Salient Conditional Diffusion for Defending Against Backdoor Attacks
This addresses the security issue of backdoor attacks for machine learning practitioners, offering a novel defense method that is incremental in its approach by adapting diffusion models for this specific task.
The paper tackled the problem of defending against backdoor attacks in machine learning by proposing Salient Conditional Diffusion (Sancdifi), which uses a denoising diffusion probabilistic model with saliency map-based masks to diffuse out triggers in poisoned data while recovering salient features in clean data, achieving state-of-the-art performance as a black-box defense.
We propose a novel algorithm, Salient Conditional Diffusion (Sancdifi), a state-of-the-art defense against backdoor attacks.
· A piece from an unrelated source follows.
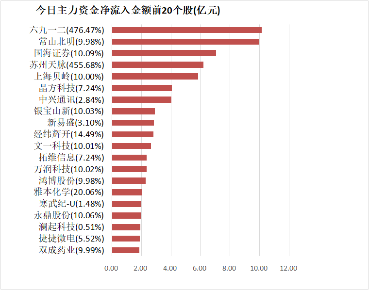 今日A股市場主力資金開盤凈流出284.25億元,尾盤凈流出24.07億元,A股市場全天主力資金凈流出539.51億元。

Sancdifi uses a denoising diffusion probabilistic model (DDPM) to degrade an image with noise and then recover said image using the learned reverse diffusion. Critically, we compute saliency map-based masks to condition our diffusion, allowing for stronger diffusion on the most salient pixels by the DDPM. As a result, Sancdifi is highly effective at diffusing out triggers in data poisoned by backdoor attacks. At the same time, it reliably recovers salient features when applied to clean data. This performance is achieved without requiring access to the model parameters of the Trojan network, meaning Sancdifi operates as a black-box defense.